Multi-line genomic prediction accuracy
The accuracy of genomic prediction trained across multi-line datasets was systematically lower than for the within-line genomic prediction scenarios (see Additional file 6: Fig. S5). Nonetheless, when using multi-line training sets, using the ML-ChipPlusSign variants in general increased genomic prediction accuracy relative to using the marker array variants (ML-Chip; Fig. 6). For the traits that accumulated the largest multi-line training sets (i.e., ADG, BFT, and LD), the improvements in prediction accuracy for each line seemed unrelated to the number of individuals that that line contributed to the multi-line training set. However, for traits that accumulated smaller multi-line training sets (i.e., ADFI and FCR), using ML-ChipPlusSign only improved prediction accuracy for the lines that contributed more individuals to the multi-line training set and reduced prediction accuracy for the lines that contributed less individuals to the multi-line training set. Therefore, as for the within-line scenarios, the greatest improvements in prediction accuracy from the use of WGS data were achieved for the largest lines, although using ML-ChipPlusSign in the multi-line scenarios also improved prediction accuracy compared to using ML-Chip for some traits and lines for which no improvements were observed in the within-line scenarios, including numerically small lines (Fig. 7). In contrast, results for ML-Top40k were not robust across traits (see Additional file 7: Fig. S6).
Discussion
Our results showed that the use of WGS data has some potential to improve genomic prediction accuracy compared to marker arrays in intensely selected pig lines, but its use with current implementations of genomic prediction should be carefully evaluated. The small and non-robust improvements in accuracy that were observed indicate that the strategies for analysing the WGS data that we tested were likely suboptimal. The more favourable results for WGS variants in the largest training sets indicated that we might have not reached the critical mass of data that is needed to leverage the potential of WGS, especially in scenarios where genomic prediction with marker arrays is already yielding high accuracy. The results from several traits and lines with different training set sizes allowed us to identify the most favourable scenarios for genomic prediction with WGS. In the following, we will discuss (1) the prediction accuracy that we achieved with WGS data compared to the commercial marker array data and the scenarios in which WGS may become beneficial, (2) the potential pitfalls for the effective use of WGS for genomic prediction and the need for optimised pipelines for generating and analysing WGS datasets, and (3) the suitability of WGS data for genomic prediction with current implementations of genomic prediction.
Prediction accuracy with whole-genome sequence data
We compared the genomic prediction accuracy based on the current marker array (Chip) with that based on sets of preselected WGS variants such that the number of variants remained similar across sets.

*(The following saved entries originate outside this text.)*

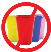
Copos em plástico de uso único

Art. 1º Fica proibida a entrada, comercialização, uso e distribuição , ainda que a título gratuito no Município de Bombinhas de canudos, pratos, talheres, agitadores para bebidas e copos em plástico de uso único, sacolas e sacos plásticos descartáveis, embalagens e recipientes descartáveis de poliestireno expandido (EPS) e o poliestireno extrudado (XPS) popularmente conhecidos como isopor e destinados ao acondicionamento de alimentos e bebidas.
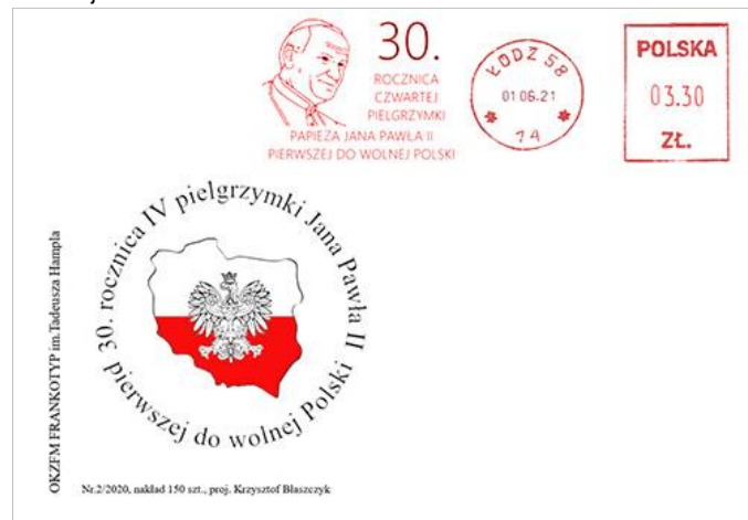
Przewodniczący klubu Krzysztof Błaszczyk

Należność za ofrankowanie korespondencji należy wpłacić na konto Okręgu Łódzkiego PZF z dopiskiem Klub Frankotyp, nr konta: PKO BP o/Łódź 45 1020 3352 0000 1502 0092 1791. Do przesyłki proszę dołączyć kopię dokonania wpłaty, ofrankowane zostaną wszystkie koperty nadesłane do 26.05.2021 r. Ze względu na brak możliwości śledzenia wpłat na koncie bankowym Zarządu Okręgu Łódzkiego na bieżąco, poza wpłatą na konto konieczne należy złożyć zamówienie listownie lub mailem na adres blaszczyk26@interia.pl. Wszystkie zamówienia i nadesłane przesyłki po tym terminie będą mogły być zrealizowane ale tylko pod warunkiem opłacenia kosztów przesyłki zwrotnej.
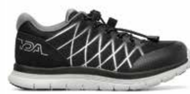
C1Y YDAW15 BLACK 35/47
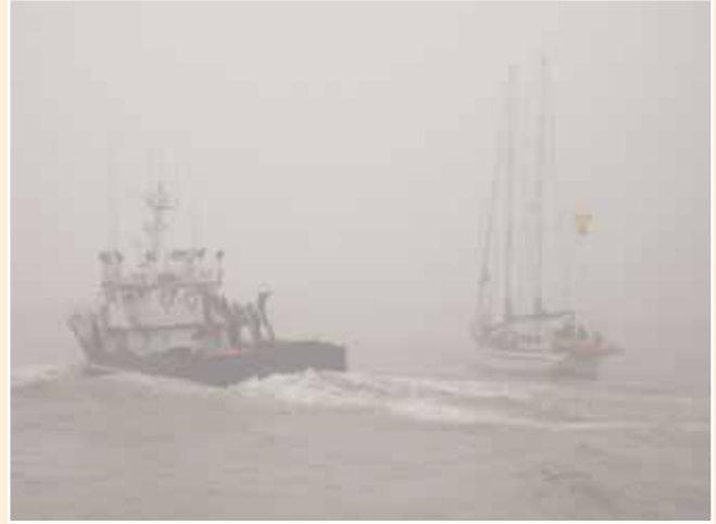
Entrando en Avilés

tienen su culminación en el crucero de instrucción, en el que los alumnos tienen la oportunidad de poner en práctica los conocimientos adquiridos durante el curso.

Improvements in prediction accuracy are expected to be limited if current marker arrays are already sufficiently dense to capture a large proportion of the genetic diversity in intensely selected livestock populations because such populations typically have small effective population sizes [12, 17]. Nevertheless, modest improvements from the use of WGS data for genomic prediction within line have been achieved under certain scenarios across several studies [17–20, 29, 31]. In our study, the most robust results across traits and lines were obtained with the ChipPlusSign variant sets, where the marker array was augmented with WGS variants that had statistically significant associations to the trait. Results from simulated traits (see Additional file 8 and Additional file 9: Figs. S7 and S8) confirmed the greater robustness of genomic predictions based on ChipPlusSign compared to Top40k that was observed for the empirical traits. This is consistent with previous reports that showed an improvement in prediction accuracy under similar approaches for preselecting WGS variants [28–31].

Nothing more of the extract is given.